Note that for easyness of experimentation, en_US dictionary from SCOWL is distributed with Spylls, so this will work without any additional dictionary installation:

from spylls.hunspell import Dictionary
en = Dictionary.from_files('en_US')

Internal algorithm implementations lookuper and suggester are exposed in order to allow experimenting with the implementation:

# Produce all ways this word might be analyzed by current dictionary
for form in dictionary.lookuper.good_forms('building'):
    print(form)

# AffixForm(building = building)
# AffixForm(building = build + Suffix(ing: G×, on [[^e]]$))

# Internal suggest method, showing information about suggestion method
for suggestion in dictionary.suggester.suggestions('spylls'):
    print(suggestion)

# Suggestion[badchar](spells)
# Suggestion[badchar](spills)

Dictionary creation

classmethod from_files(path)[source]

Read dictionary from pair of files /some/path/some_name.aff and /some/path/some_name.dic.

For easyness of experimentation, en_US dictionary from SCOWL is distributed with Spylls, so this will work without any additional dictionary installation:

from spylls.hunspell import Dictionary
en = Dictionary.from_files('en_US')
Parameters:

path (str) – Should be just /some/path/some_name.

Return type:

spylls.hunspell.dictionary.Dictionary

@classmethod
def from_files(cls, path: str) -> Dictionary:
    """
    Read dictionary from pair of files ``/some/path/some_name.aff`` and ``/some/path/some_name.dic``.

    For easyness of experimentation, ``en_US`` dictionary from `SCOWL <http://wordlist.aspell.net/>`_
    is distributed with Spylls, so this will work without any additional dictionary installation::

        from spylls.hunspell import Dictionary
        en = Dictionary.from_files('en_US')

    Args:
        path: Should be just ``/some/path/some_name``.
    """

    if path in cls.DISTRIBUTED and not os.path.exists(path + '.aff'):
        path = os.path.join(os.path.dirname(os.path.realpath(__file__)), 'data', cls.DISTRIBUTED[path], path)
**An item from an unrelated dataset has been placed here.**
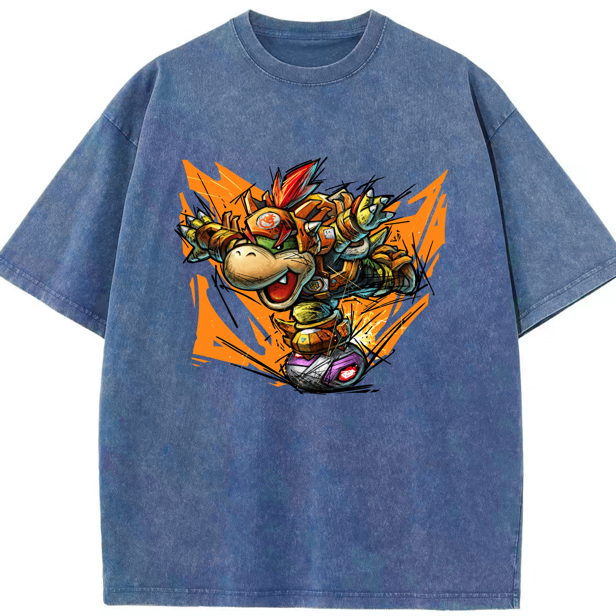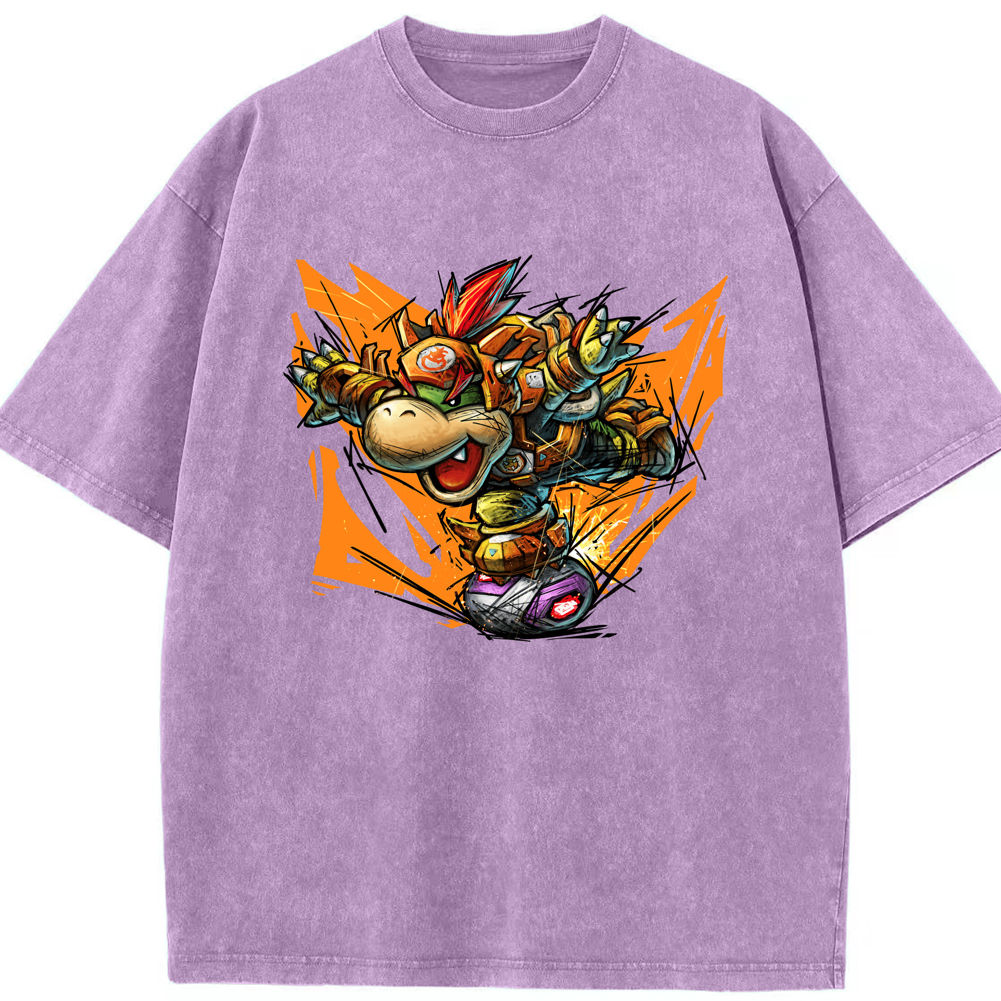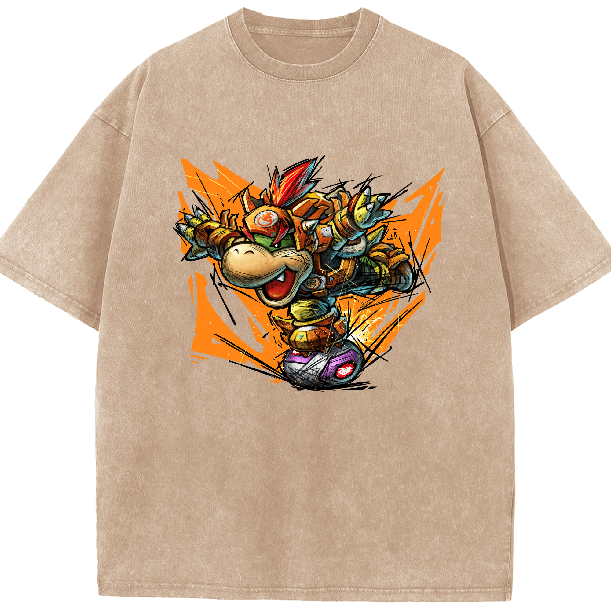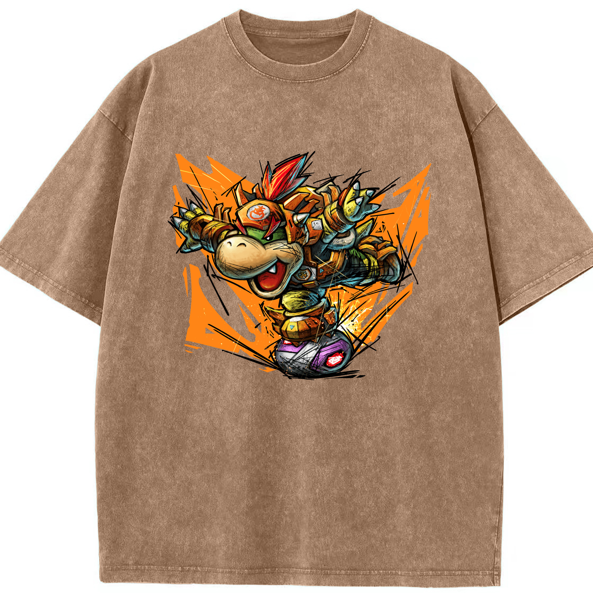 Nintendo Bowser Jr. 'shoot'Painted styleTee - Washed Vintage Look 230g Cotton Oversized T-Shirt With Front Heat Transfer Print – Soft, Lightweight, Stylish Fit – Comfortable Casual Wear For Sports & Everyday Use

    aff, context = readers.read_aff(FileReader(path + '.aff'))
    dic = readers.read_dic(FileReader(path + '.dic', encoding=context.encoding), aff=aff, context=context)

    return cls(aff, dic)
classmethod from_zip(path)[source]

Read dictionary from zip-archive containing *.aff and *.dic path. Note that Open/Libre Office dictionary extensions (*.odt) and Firefox/Thunderbird dictionary extensions (*.xpi) are in fact such archives, so Dictionary can be read from them without unpacking.

Parameters:

path (str) – Path to zip-file/extension.

Return type:

spylls.hunspell.dictionary.Dictionary

@classmethod
def from_zip(cls, path: str) -> Dictionary:
    """
    Read dictionary from zip-archive containing ``*.aff`` and ``*.dic`` path. Note that Open/Libre
    Office dictionary extensions (``*.odt``) and Firefox/Thunderbird dictionary extensions (``*.xpi``)
    are in fact such archives, so ``Dictionary`` can be read from them without unpacking.

    Args:
        path: Path to zip-file/extension.
    """

    file = zipfile.ZipFile(path)
    # TODO: fail if there are several
    aff_path = [name for name in file.namelist() if name.endswith('.aff')][0]
    dic_path = [name for name in file.namelist() if name.endswith('.dic')][0]
    aff, context = readers.read_aff(ZipReader(file.open(aff_path)))
    dic = readers.read_dic(ZipReader(file.open(dic_path), encoding=context.encoding), aff=aff, context=context)

    return cls(aff, dic)
classmethod from_system(name)[source]

Tries to find <name>.aff and <name>.dic on system paths known to store Hunspell dictionaries. Probably works only on Linux.

Parameters:

name (str) – Language/dictionary name, like en_US

Return type:

spylls.hunspell.dictionary.Dictionary

@classmethod
def from_system(cls, name: str) -> Dictionary:
    """
    Tries to find ``<name>.aff`` and ``<name>.dic`` on system paths known to store Hunspell dictionaries.
    Probably works only on Linux.

    Args:
        name: Language/dictionary name, like ``en_US``
    """

    for folder in cls.PATHES:
        pathes = glob.glob(f'{folder}/{name}.aff')
        if pathes:
            return cls.from_files(pathes[0].replace('.aff', ''))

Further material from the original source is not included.